By supervised PLS-DA, several volatiles were identified as important factors. (Z)-3-hexenal can be used as an attractant for male Ectropis obliqua moths (Sun et al. 2016). Another isomer 2-hexenal could also attract bruchid beetles to host plant volatiles in the field (Wang et al. 2020). The α-pinene is an attractant for natural enemy multicolored ladybug (Harmonia axyridis Pallas) (Xue et al. 2008). Meanwhile, α-pinene can also repel the pest walnut twig beetles (Audley et al. 2020). Its isomer β-pinene could be used as a lady beetle attractant for biological control of tea plant pests (Zhao et al. 2020). The benzaldehyde acts as natural enemy-attracting semiochemicals in response to herbivore damage (Simpson et al. 2011). In addition, benzaldehyde also has a complicate attraction effect for natural enemies the coccinellid (Coccinella septempunctata), the parasite (Aphidius sp.) and the lacewing (Chrysopa sinica) (Han and Chen 2002, 2010). The α-phellandrene has been recently identified as an attractant for natural enemy Encarsia formosa (Hymenoptera: Aphelinidae) (Ayelo et al. 2021). Remarkable increase in volatile blends including α-phellandrene is observed in infested Pinus massoniana Lamb (Li et al. 2017) suggesting that α-phellandrene might be implicated in plant defense responses. A 2-pentylcyclopentanone analog cyclopentanone is a major component of volatile cocktail for attracting woodwasp suggesting that it might be used as pest attractant (Wang et al. 2019). The acetophenone can significantly decrease the fraction of predated patches against herbivore attack (Kergunteuil et al. 2012). Longifolene-(v4) emission is usually increased in infested plants (Zong et al. 2017) and serves as lures to wood-boring wasp, Sirex noctilio (Xu et al. 2019). E-5,9-undecadien-2-one,6,10-dimethyl- is involved in volatile aroma compositions in tea plants (Fan et al. 2020). Therefore, the combinatorial emission of volatile blends may provide multiple strategies against herbivory attack.

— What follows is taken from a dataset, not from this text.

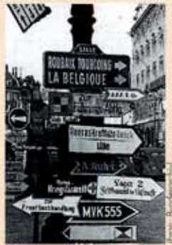
Lille tijdens de Duitse bezetting

In de "Coupole", symbool van de verschrikkelijke gevaren van vroeger, vindt u een overzicht van de levensomstandigheden tijdens de bezetting: de zo moeilijke jaren 40 in het Noorden van Frankrijk.

Volatile patterns provide robust responses against herbivores

Notably, the types and relative contents of volatiles in infested tea shoots are substantially increased. By unsupervised (principal component analysis) and supervised (PLS-DA) analyses, volatile profiles from healthy and infested tea shoots are well classified into two clusters. Given a priori knowledge of infestation status (i.e. healthy and infested tea shoots), supervised PLS-DA method may provide more accurate estimation (Lee et al. 2018). From PLS-DA results, we noted that volatile profiles from healthy tea shoots are distributed in the third quadrant. On one hand, the volatile profiles from infested tea shoots are more dispersed. Therefore, the response of tea plants to tea green leafhopper feeding might be multidirectional. On the other hand, we can find that the identified important factors also serve as analogs or isomers of odor trap stimulants or natural enemy attractors. For example, 3-hexenal is the isomer for synomones 2-hexenal and attractant (Z)-3-hexenal. Cyclopentanone is the analog of 2-pentylcyclopentanone. The β-pinene, an isomer for α-pinene, is also an attractant for biological control of tea plant pests (Zhao et al. 2020). These might be reminiscent of ‘robustness’, a property which allows a biological system to maintain its functional states despite perturbations (Kitano 2004). Robustness can be obtained if multiple strategies can be combined to achieve a specific function (Kitano 2004). ‘Heterogeneity’ refers to a situation in which specific functions could be acquired by diverse means. The coexistence of multiple analogs to synomones implies that the attraction to natural enemies can be achieved in diverse ways. This diversity might enhance the foraging cues to natural enemies or retain the attraction when synthesis of certain volatiles is compromised. Therefore, the volatile release profiles of tea green leafhopper infestation might be a representation of biological robustness.

Conclusions

Eight potentially important volatiles for plant responses against infestation were identified in current study. Owing to the small sample size, this might be only a preliminary model for discrimination. Increasing the sample size will be required to achieve a more accurate model. Meanwhile, dynamic measurement may provide additional information. Whether all the identified important volatiles can serve as synomones should be investigated in future.